Walkaway: a vision of a post-capitalist future

Walkaway by Cory Doctorow cover

Walkaway felt like an ambitious book, not so much in the story it tells, but in the ideas it explores. It poses questions about society, self, and wealth but, in this reader’s opinion, the exploration of those ideas never uncovers acceptable answers.

One way of describing Walkaway would be an inverse Atlas Shrugged. In Ayn Rand’s story the capable few are exploited by the incapable masses and choose to leave conventional society and start their own. Cory Doctorow’s flips that with the capable masses, exploited by the incapable few, picking up and starting over elsewhere. The resulting walkaway society is something of a communist Galt’s Gulch but with “From each according to his ability, to each according to his needs” replaced by “From those who desire to contribute, to those who desire to consume.” The key to this functioning walkaway society is fabricators which input old goods and output new goods. If you desire a new shirt, you dump your rubbish bin into the fabricator, pick out the design you want, and it 3D prints one for you.

In a more conventional sense this is an exploration of universal basic income. What will happen if we separate someone’s ability to survive from their participation in the economy via employment? Where does that leave the rich? The poor? The powerful? The weak?

Walkaway takes that a step further and with the separation of body and self with the characters learning to scan and upload their minds to computer clusters. Doctorow does a good job discussing the question of whether or not a simulated you is actually you though his characters have varying degrees of acceptance of that. Most seem to conclude that, yes, a simulation of you is you but in a different form.

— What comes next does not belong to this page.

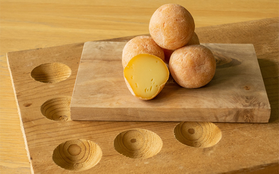 Zum Reifen zwischen der Pflege platzierte Patrick Galli seinen runden Käse auf Fichtenholzbrettern. Passende Mulden sorgten dabei dafür, dass die Laibe nicht davon rollten.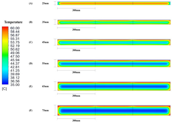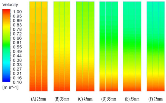 Figure 10, Figure 11, Figure 14 and Figure 15 display the air velocity and temperature contours at the outlets, illustrating both their magnitude and uniformity across the numerical values. The maximum temperatures are observed near the PV panels and the edges of the air channel. This phenomenon is particularly evident in Case A; however, similar contours appear when the heights exceed 55 mm, as seen in the results for 65 mm and 75 mm heights. In Case B, the widths noticeably impact the uniformity, with a significant decrease observed. Figure 14 and Figure 15 indicate that, apart from minor differences at extreme values, the velocity and temperature distribution remains consistent in Case B. This further confirms that height is more significant in heat dissipation efficiency.

Where Walkaway fell short, and where the novel Accelerando by Charles Stross excelled, is diving into the implications of this transhuman future. In the Walkaway world the simulation of the mind allows one to continue to live after their body experiences death. Stross takes the same premise and examines what that means for the future in regards to the economy (computer simulations owning things in the real world), resources (mining in space), and space travel (when you can send virtual people rather than physical bodies).

After reading Walkaway the question that is going to be on the mind of every economist and computer scientist is, who is going to provide the computational resources to meet the spiraling demand as humanity leaves the physical realm and enters the digital one? Doctorow does not address that and I think his work suffers a bit for it. We are presented this radical vision of the future but missing the key component that gets us from here to there.

Another view of Walkaway would be as a digital nomad manifesto (notwithstanding the 4-Hour Workweek). On the Road provided many a dream of dropping out of conventional society and seeking adventure. Walkaway might be that for this digital age where one can roam the fringes of civilization yet still participate in our global discourse. All one requires is a tavern with an Internet connection and a place to lay their head.

In this case Doctorow does recognize the reality that many nomads eventually find. Wandering the world is a young person’s game. In the novel, as in life, once children enter the equation one is inclined to settle into a location and to begin accumulating rather than continue globe-trotting with all of their possessions in a single bag.

Ultimately what Walkaway is about is class struggle and the means that some will go through to maintain the status quo and others to escape the rat race. Power. Freedom. Two ideals that mean different things to different people and are as old as humanity itself. Doctorow provided some excellent fodder for the discussion. Perhaps it is a discussion without answers.